Unnamed: 0,models,Time Elapsed (s),model_precision_train,model_precision_test,model_recall_train,model_recall_test,model_f1_train,model_f1_test
Grid Search,xgboost_grid,14.147263,0.971698,0.882979,0.971698,0.965116,0.971698,0.922222
Optuna,xgboost_optuna,12.232657,0.962441,0.873684,0.966981,0.965116,0.964706,0.917127
Randomized Search,xgboost_random,0.582441,0.961905,0.880435,0.95283,0.94186,0.957346,0.910112


In terms of performance, when evaluating based on the F1-score, it became evident that XGBoost, with both grid search and Optuna, demonstrated the most outstanding performance. However, when we take into account not only model performance but also runtime efficiency, Optuna emerged as the top-performing method.
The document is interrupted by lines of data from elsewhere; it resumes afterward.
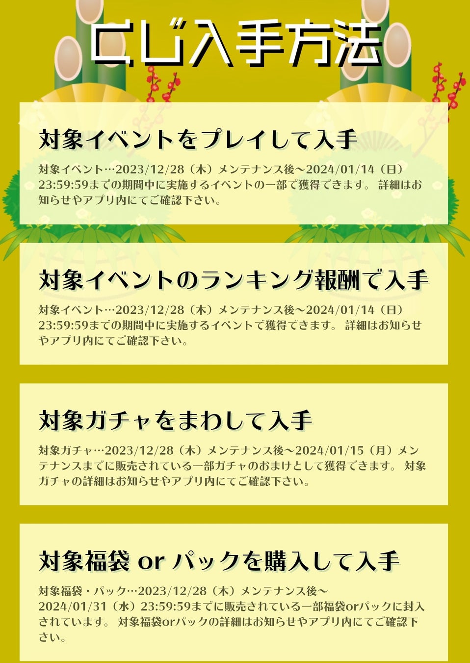 詳細は公式サイトやアプリ内のお知らせをご確認ください。
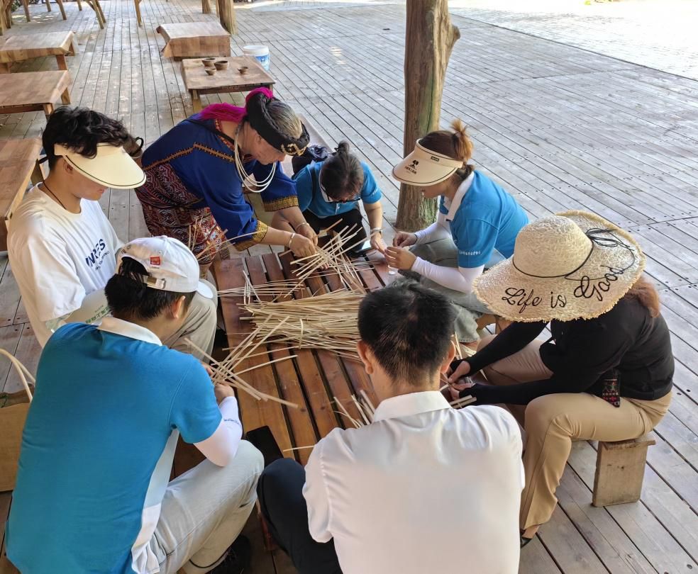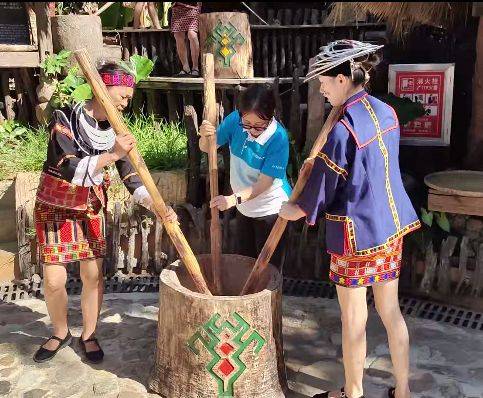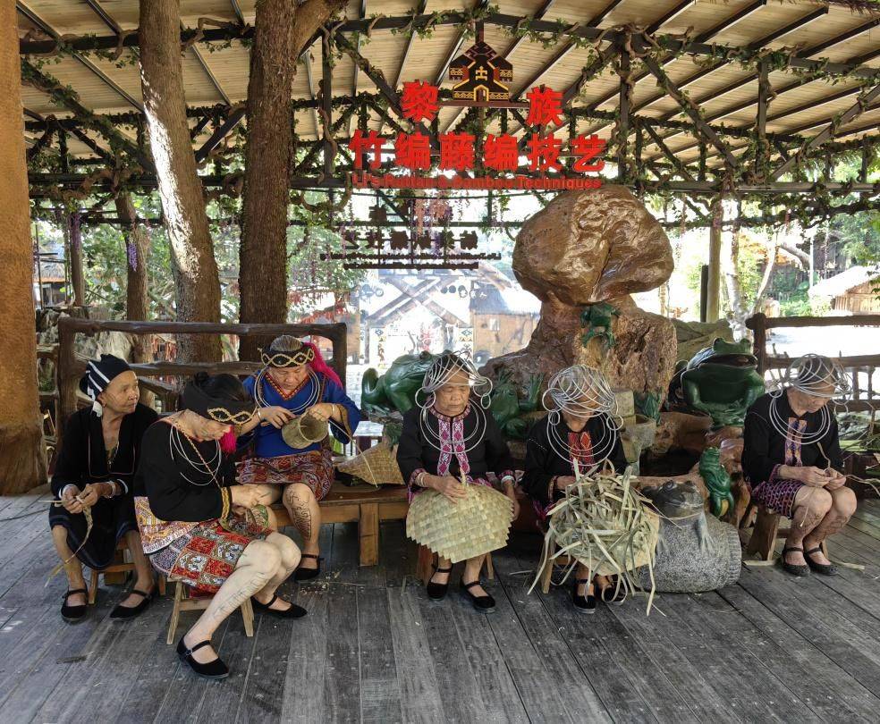 黎编是一种传统的编织技艺,我们学习了如何编织,也亲身体验了打米、目睹了爬槟榔树等乡村生活场景,加深了对当地文化的体验,感受了黎苗族人的智慧和创造力。
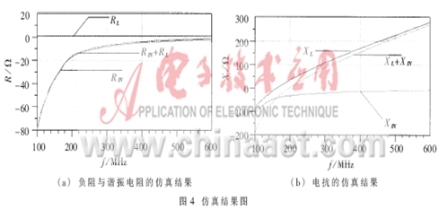 從圖4(a)的仿真結(jié)果可以看出,在200MHz附近,RIN+RL<0,所以滿足起振條件,由于RIN的負阻比較大,所以提供交流能量的能力比較強,故振蕩的幅度會比較大,這一點在后面的仿真和測試中可以得到證實。從圖4(b)可以看出,當f為200MHz左右時,XIN+XL=0,從而滿足相位平衡條件,它決定了振蕩的頻率。

Nevertheless, if there's a willingness to make a slight compromise on model performance and prioritize runtime efficiency, XGBoost with randomized search outperformed both grid search and Optuna.

To sum it up, the choice of hyperparameter tuning method is heavily contingent on the specific context. For instance, in a production environment where time and resources are at a premium, grid search may prove too resource-intensive due to its exhaustive exploration of hyperparameter combinations.